[Start of section]

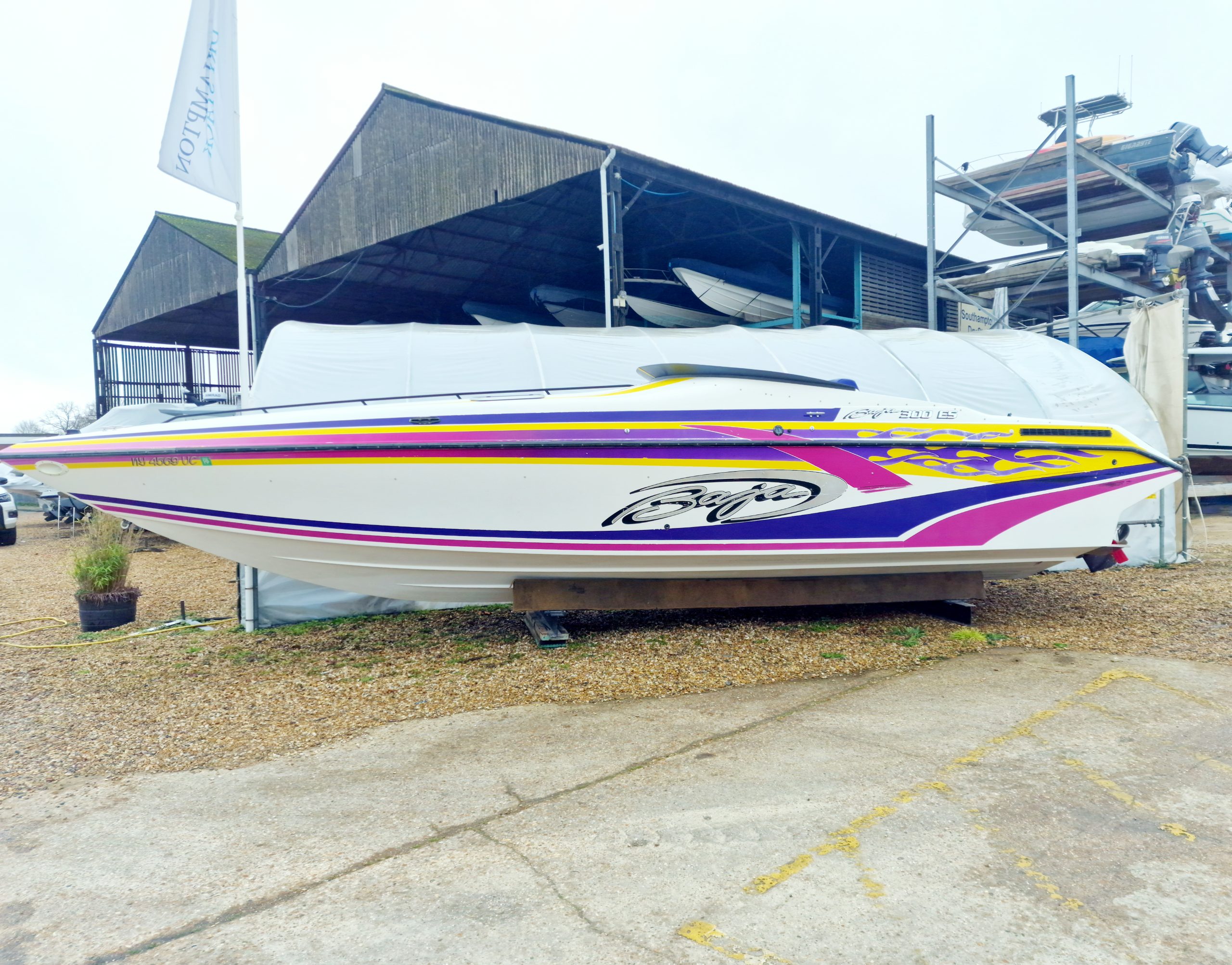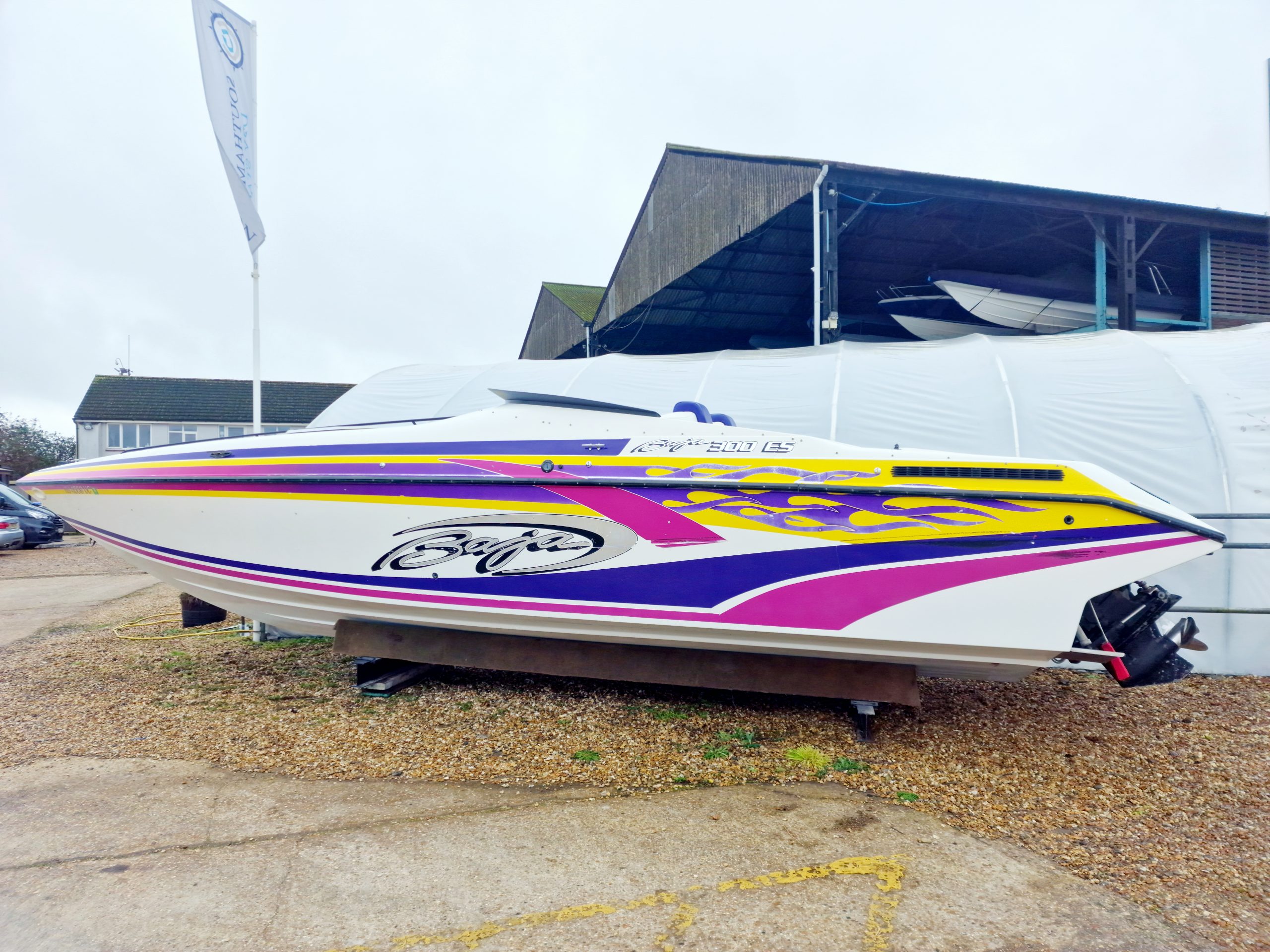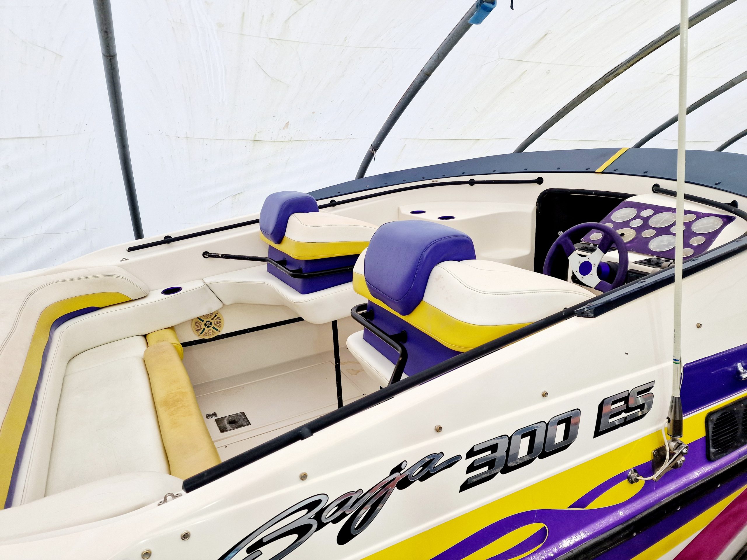 This high-performance offshore powerboat is known for its sleek design, exceptional handling, and powerful engine options. Measuring 30 feet in length, this boat is equipped with twin 454 V8 engines pushing out 330HP each, providing ample horsepower for thrilling speeds and agile manoeuvrability on the water. The spacious cockpit layout offers comfortable seating for passengers and a well-appointed helm station for the captain. With its deep V-hull design, the Baja 300 ES delivers a smooth and stable ride, making it suitable for both cruising and adrenaline-pumping water sports. Built with quality materials and craftsmanship, this iconic boat from the 1990s continues to be cherished by boating enthusiasts for its timeless style and exhilarating performance on the open seas.
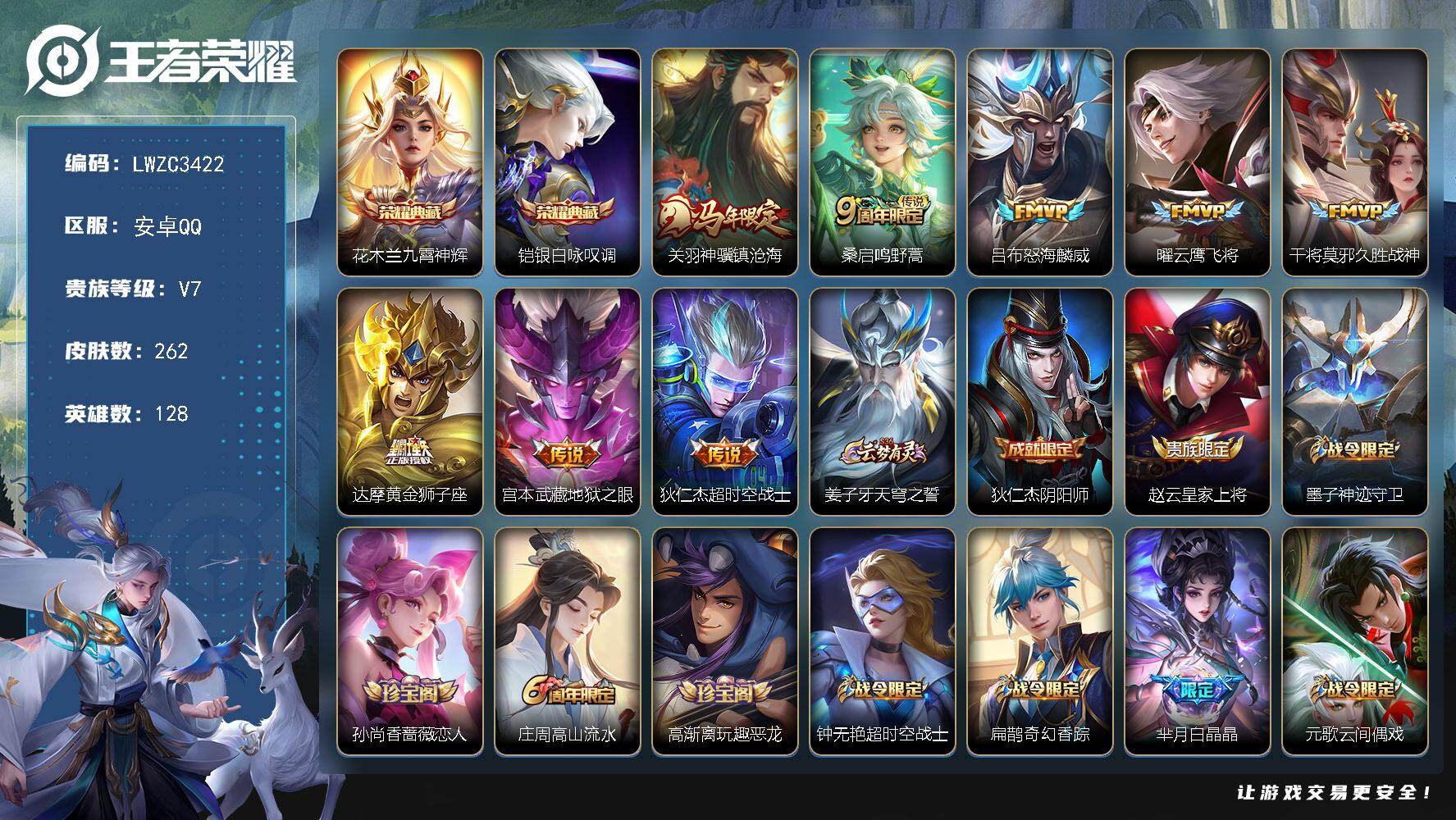 安卓Q-V7-最强王者段位-128英雄-262皮肤-2典藏皮肤-8传说-75史诗【英雄全皮】:敖隐全皮【荣耀典藏】:花木兰九霄神辉,铠银白咏叹调【传说皮肤】:关羽神骥镇沧海,桑启鸣野蒿,吕布怒海麟威,曜云鹰飞将,干将莫邪久胜战神,达摩黄金狮子座,宫本武藏地狱之眼,狄仁杰超时空战士【限定皮肤】:姜子牙天穹之誓,狄仁杰阴阳师,赵云皇家上将,墨子神迹守卫,孙尚香蔷薇恋人,庄周高山流水,高渐离玩趣恶龙,钟无艳超时空战士,扁鹊奇幻香踪,芈月白晶晶,元歌云间偶戏,元歌无心,甄姬落雪兰心,狄仁杰魔术师,狄仁杰
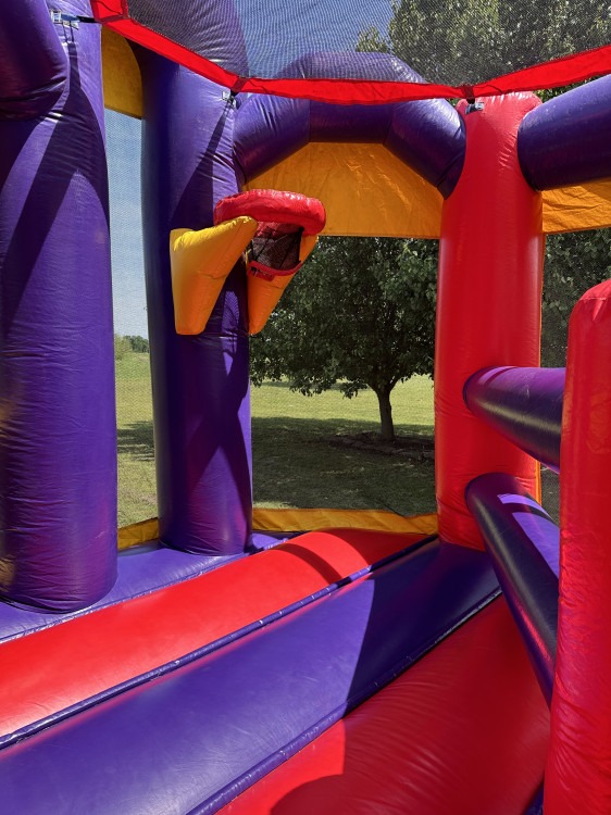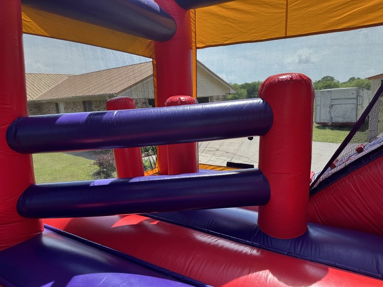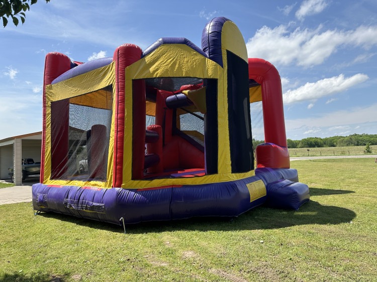 Obstacles, basketball hoop, and a slide this modular combo is the perfect fit for any party.
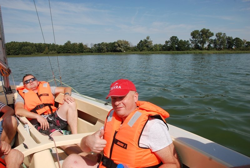 Tradycyjnie jak co roku w sierpniowy weekend firma z Gniezna przygotowała imprezę integracyjną dla swoich pracowników. W tym roku całą organizacją weekendu integracyjnego zajęło się nasze stowarzyszenie. W pierwszym dniu przygotowaliśmy dla uczestników grę paintballową. W drugim dniu zorganizowaliśmy dla uczestników rejsy jachtami żaglowymi po jeziorze Popielewskim oraz rejsy kajakami. Po wcześniejszej odprawie na której omówiono zasady bezpieczeństwa na wodzie, uczestnicy zostali wyposażeni w kamizelki ratunkowe i asekuracyjne, po czym wyruszyli w swój pierwszy rejs. Poza omówieniem walorów przyrodniczych akwenu oraz historii Trzemeszna, niektórzy uczestnicy zasiedli za sterami jachtu doświadczając smak żeglarskiej przygody. Pogoda dopisała. Cieszymy się, że mogliśmy być organizatorem weekendu integracyjnego dla pracowników firmy. Jest to nowy rozdział w naszej działalności.
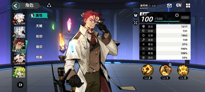 天赋百分百加成:攻击0,暴击10%,暴伤10%,抵抗30%,精准15%,防御88,生命253,速度10。
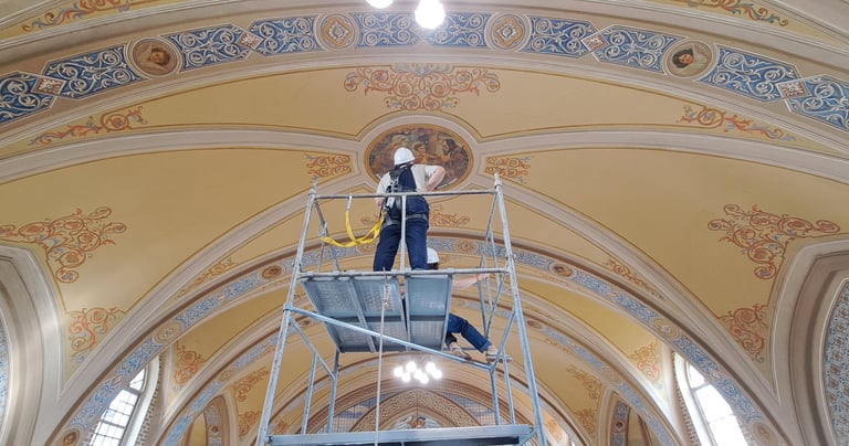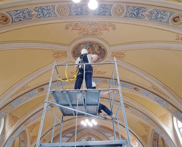 Realizamos prospecções estratigráficas para identificar camadas de acabamento, cores originais e elementos decorativos ocultos nas superfícies históricas. Esse trabalho técnico-científico orienta decisões de restauro, garantindo autenticidade e respeito à história material.
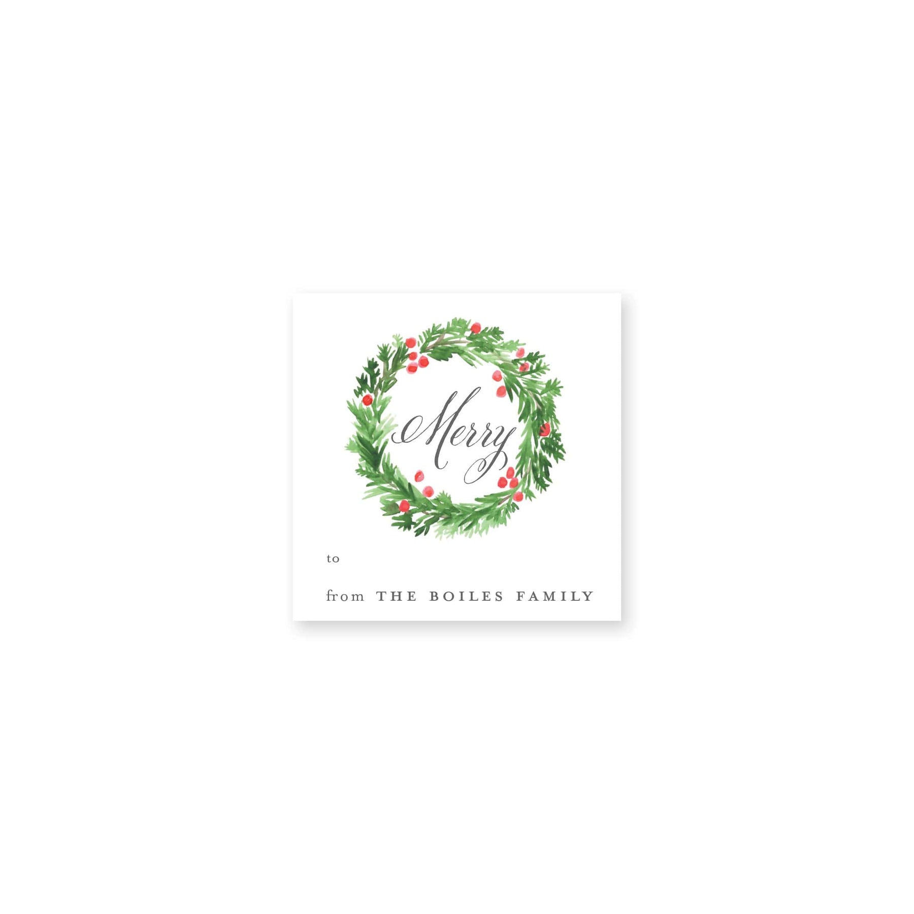 Evergreen Wreath With Berries Gift Stickers will be festive and beautiful for most types of packages!
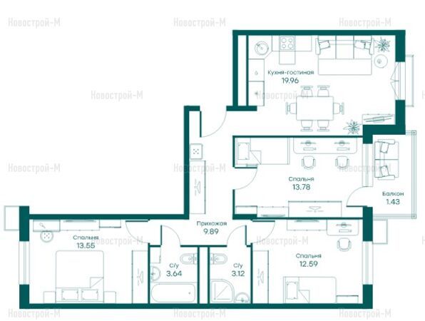 Для покупки там сегодня доступны 1-,2- и 3-комнатные квартиры. Самый бюджетный вариант – это «однушка» площадью 39,2 кв. м за 3,4 млн рублей, самый дорогой – 3-комнатная квартира метражом 76 кв. м за 5,9 млн рублей.

[End of section]

_PROBLEM TO WORK ON_.
Above is the material; set down exactly its lines from the one containing "天赋百分百加成:攻击0,暴击" down to the one containing "Realizamos prospecções estratigráficas", both included, leaving out any pictures.

_OUTPUT FOR THIS EXERCISE_.
 天赋百分百加成:攻击0,暴击10%,暴伤10%,抵抗30%,精准15%,防御88,生命253,速度10。
 Realizamos prospecções estratigráficas para identificar camadas de acabamento, cores originais e elementos decorativos ocultos nas superfícies históricas. Esse trabalho técnico-científico orienta decisões de restauro, garantindo autenticidade e respeito à história material.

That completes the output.